Cherry Hill's increased spending is in line with other New Jersey municipalities. From 2005 to 2008, the last year for which data are available, municipal spending increased 15 percent statewide, according to the New Jersey Department of Community Affairs. During the same period, Cherry Hill's spending increased 14 percent, according to township budget data.
Jerry Cantrell, president of the New Jersey Taxpayers' Association, attributed the spending increases to poor management by elected officials at all levels of government.
"I call it the cancerous culture of deception. Everyone is looking for someone else to blame," he said. "No one questions anything. Go to a council meeting. People are just sitting there, and they don't understand what their role is."
Guerrieri and his running mates say they can bring the budget down. Their plan for savings include cutting administrative staff in the short term and, in the long term, taking a harder line in negotiations with employees and town vendors.

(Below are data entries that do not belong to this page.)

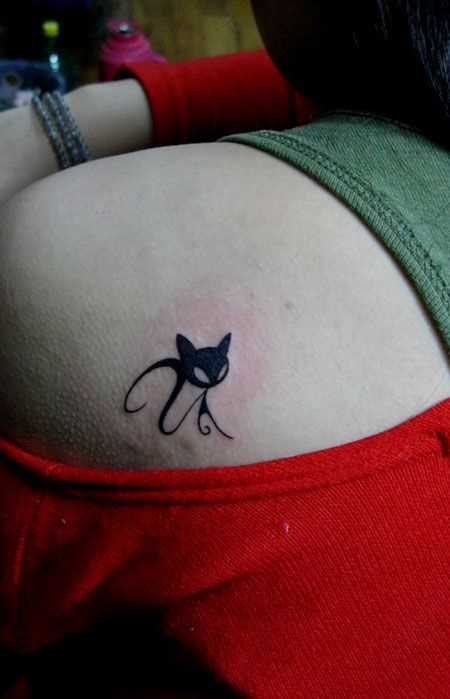 肩部可爱小猫纹身图案
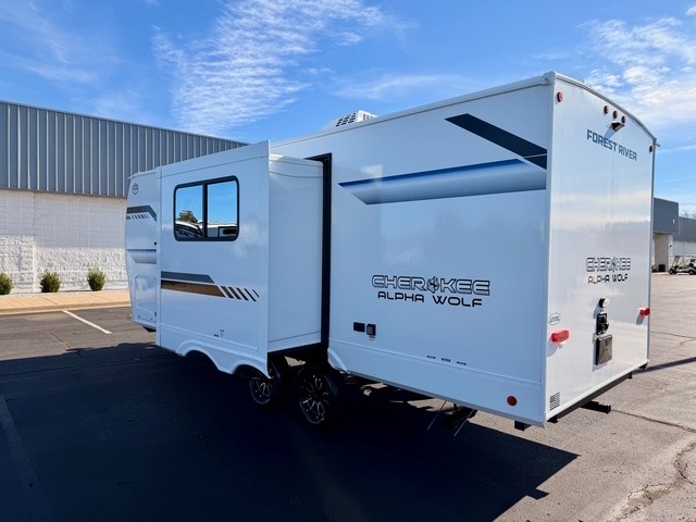 With any Cherokee Alpha Wolf, you'll enjoy outstanding amenities and quality construction at an affordable price. Each model is built with a "ToughBend" rigid skirt metal design, 5/8" tongue-and-groove plywood floor decking, and a "SuperTruss" roof structure built for long-term durability. Pet owners will appreciate the "clean sweep" floor design (no floor heat vents) and the integrated Leash Latch pet safety technology.
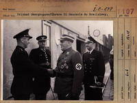 Príchod ríšskeho vodcu mládeže Artura Axmanna do Bratislavy. Na obr. hlavný veliteľ Hlinkovej mládeže A. Macek víta A. Axmanna.
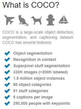 Common object in context, 흔히 보이는 물체의 모음이다. 인공지능 학습에 사용하는 데이터 셋으로 150만 개의 instance와 80개 categories로 분류되어 있다. Object segmentation, Recognition에 많이 사용되고 있다.
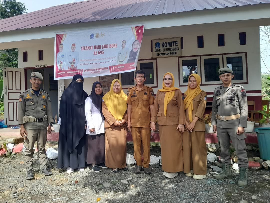 PONRE, TRIBUNBONEONLINE.COM–Satuan Polisi Pamong Praja (Satpol PP) Pemenrintah Kabupaten Bone, sambangi UPT Sekolah Dasar Inpres (SDI) 5/81 Mappesangka Kecamatan Ponre, Selasa, 15 Juli 2025.

"Look at the cost of living, and look at the wage increases," Guerrieri said. "Do we just roll over and say, 'Take what you want'? We're not talking about cutting police, but how about we negotiate real contracts?"
But for Fleisher, the township needs to look beyond simple staff cuts and salary reductions and consider consolidating services with other towns. He said officials also should implement more sustainability initiatives, such as recycling and reducing energy use, programs that are under way and expected to provide long-term savings.
"What we do needs to be reflective of the true priorities of the town," he said. "It's not just about cutting. You have to look to opportunities to see that you grow in the right way, too."
Voter turnout in Cherry Hill is likely to be high Nov. 3, with what has become a closely contested governor's race.
In 2005, when Gov. Corzine was elected, 51 percent of Cherry Hill's registered voters went to the polls - compared with 33 percent for the mayoral election in 2007, when there were no highly publicized state or federal races, according to the county clerk.